Not many people willingly go to the frozen forests of Siberia. In Discovery channel’s newest unscripted series, Siberian Cut, a group of American loggers will journey into the far reaches of Russia’s landscape to claim their stake in the country’s timber industry.
Here’s what you need to know about the American lumberjacks struggling with subzero temperatures, a Russian-English language barrier (as shown in the video above) and the dangerous occupation of cutting down trees.
1. Sean Vann Dreams of His Own Russian Logging Company
Sean Vann has spent the last 17 years running logging operations in Siberia for his Russian bosses, but now he wants to be in charge. Vann returned home to Montana to recruit a group of American loggers struggling to find work in the American timber industry, and offer them the opportunity to come help him in Siberia.
“I invited a bunch of guys down to a local watering hole in a timber community and gave a speech about the opportunity over there,” Vann said in an exclusive interview with Heavy. “I wanted guys looking for an adventure.”
Vann has learned to speak Russian and established a working relationship with the Russian loggers during his time in Siberia. He’s starting his own company that could result in hundreds of thousands of dollars within three months.
2. Americans Emigrate to Russia
The logging industry in America has slowed significantly due to the recession, high fuel prices and strict government restrictions. Vann convinces at least four Americans to move away from their families and work for him in the Russian Forest Industry. They will help their boss complete his contract in the limited time provided and with limited resources.
Although the Americans struggled with their new surroundings at first (as seen in the video below), Vann said the group was “amazing to work with and a lot of fun.”
“They were hardworking and knew how to handle conflict. We all got along and respected each other.”
The new guys managed to pick up enough Russian phrases to get by, and some of the Russians on the crew knew English or were learning just like the Americans, according to Vann.
3. Cold War Tensions Slow to Thaw in Siberia
The loggers and their families in Krasnoyarsk still hold deep suspicions of Americans.
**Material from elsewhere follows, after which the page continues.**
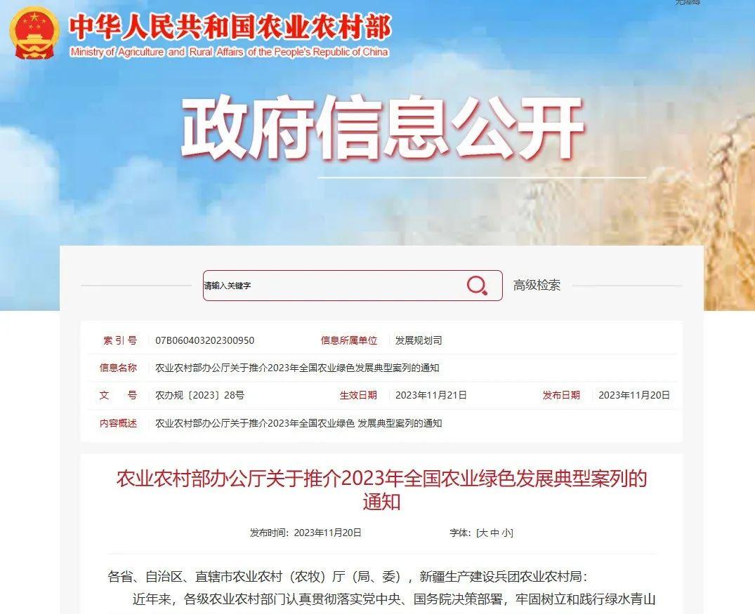 關(guān)于推介2023年全國農(nóng)業(yè)綠色發(fā)展典型案列的通知

The town banned anyone from the United States entrance up until 30 years ago. Vann described the towns in the area as living in a post-depression era, with the villages not developing and shrinking due to the youth moving to the cities to find jobs.
4. 8 People Per Square Mile Inhabit Siberia
The geography of Siberia doesn’t accommodate human habitation well, but 30 million people still live within the 5.1 million square mile area. A majority of the Siberian landscape is a boreal forest, or taiga, that consists of spruce, pine and larch trees.
The loggers will face extremely cold temperatures in the Krasnoyarsk Krai forest, with an average of -33 degrees Farenheit in January. Vann describes this as the optimal temperature for logging in Siberia, because of the area’s poor infrastructure.
There’s oceans of timber, but they’re not accessible due to the lack of infrastructure. We move out 200 kilometers from the rail stops and we have to stop because there’s no good roads. It’s too costly to try and haul the logs back to the rails from further out.
When it’s cold, the snow and ice packs on top of the tundra to create sturdy roadways. The locals call it “Siberian Asphalt,” according to Vann.
Siberian Cut Premieres on June 3
Siberian Cut will cover the entire three-month span that Vann tries to obtain a contract to cut millions of dollars worth of timber in the world’s largest forest. If it all works out, Vann hopes his American team will come back.
“They did well and performed well. There was a great dynamic between them and the Russians.”
The docuseries premieres tonight at 10 p.m on the Discovery Channel after the popular Deadliest Catch.